A few years later I was working at a high-tech company in Boulder, Colorado, a former counterculture mecca which had morphed into a kind of shiny, happy suburb. Laid back, owner-operated cafes had given way to high-end bike shops and ultra-posh restaurants, and the lesser classes were being squeezed out. I recall occasionally extending a hand of friendship to one of the town’s elites, usually encountering a polite, “No thank you very much, I like my life exactly the way it is.” Okay, they didn’t actually say it. Still.

In Fairfield, it’s not the size of your wallet that counts but your spiritual chops. It’s your creativity,  authenticity, your be-here-now-ness. It’s your ability to understand at a deep level that this is basically all there is that gets you noticed, whatever your economic status may be. If money talks out there, then joie de vivre speaks in here.

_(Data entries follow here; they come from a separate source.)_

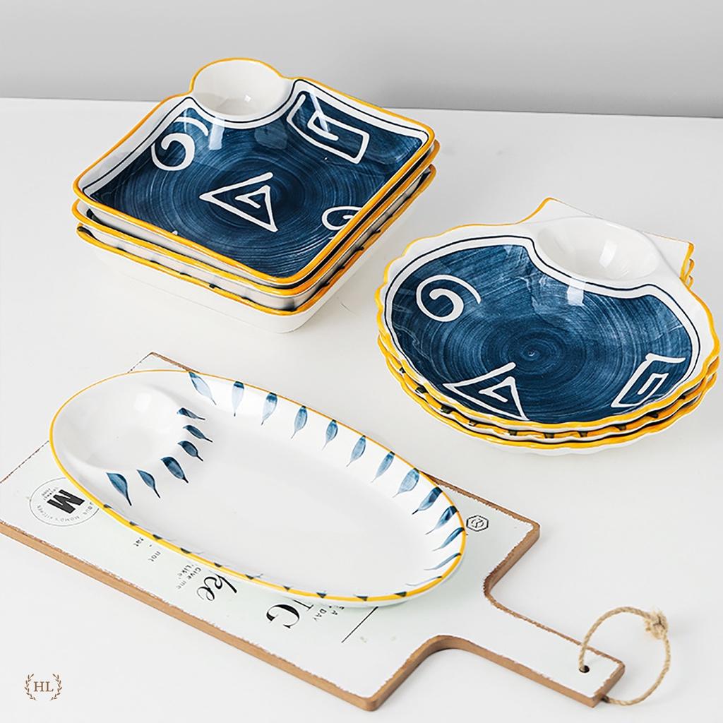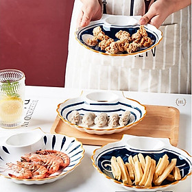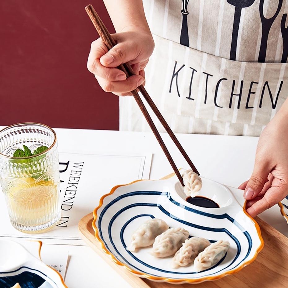 ✨Đĩa Sò Có Ngăn Chấm Nhật Bản | Đĩa sò cao cấp 2022 có chia ngăn đựng gia vị Phong Cách Decor Retro 4 Hoa Văn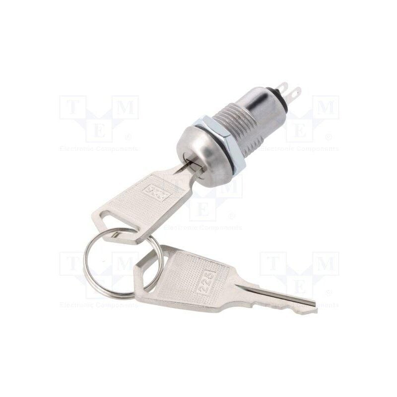 Interruttore a chiave (2 tasti) Modo di funzionamento OFF-ON Configurazione dei contatti SPST Numero di tutte le posizioni 2 Dimensioni del foro di montaggio Ø12mm Forma dei tasti piatti Tipo di chiave asimmetrica Materiale dell'alloggiamento in lega di zinco Capacità di carico del contatto 1A / 125V AC Angolo di rotazione meccanica 90°. Lunghezza totale 30,5 mm Coprimorsetto argentato Coperchio del contattore argento Numero di posizioni stabili 2 Misure vedi Chiave con codice casuale Tasto per rimuovere in qualsiasi posizione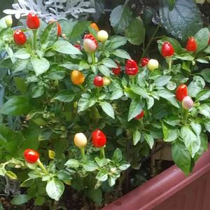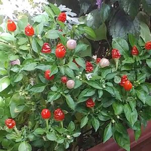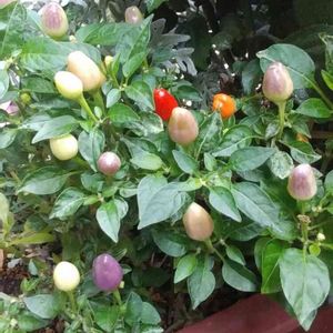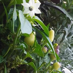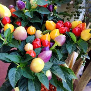 ゴシキトウガラシ(五色唐辛子) ナス科 観賞用の改良品種で、色が段々と変化していき、 この品種は、色が紫→白(クリーム)→黄→オレンジ→赤の順番で変化します♡ 今の色だけでいいんだけどなあ♡ まあ〜色んな色を楽しんでまたパチリしてみます˙˚ʚ( •ω• )ɞ˚˙ お花が小花で縁取り可愛いです꒰ •ω• ꒱゚+。:.゚ஐ♡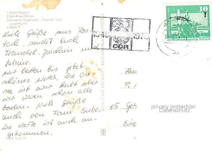 73575330 alte Postkarte Warnemuende Ostseebad Hotel Neptun Alter Strom Fischkutter Konsumgaststaette Teepott Leuchtturm Mole postalisch gelaufen Erhaltung siehe scans [FriedD77] KatCode: 11110013003000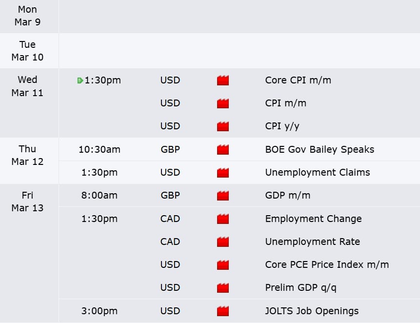 Here are this weekβs red folder news events. A quiet week on the calendar, however inflation numbers on Wednesday take on a new level of importance with oil prices spiking due to events in Iran. A hot inflation number here could really spook the markets.

Recently I was playing basketball at a local gym with a guy who’s the CEO of a big multinational company — along with guys from the other side of the tracks, some who have virtually nothing, who live in trailers or crumbling homes on a small social security check. The power forward I was up against, 62 and built like a cement pillar, was ensconced in the sadhu life, meditating daily and living in near poverty yet finding bliss in ways that make you want to rethink life’s big questions.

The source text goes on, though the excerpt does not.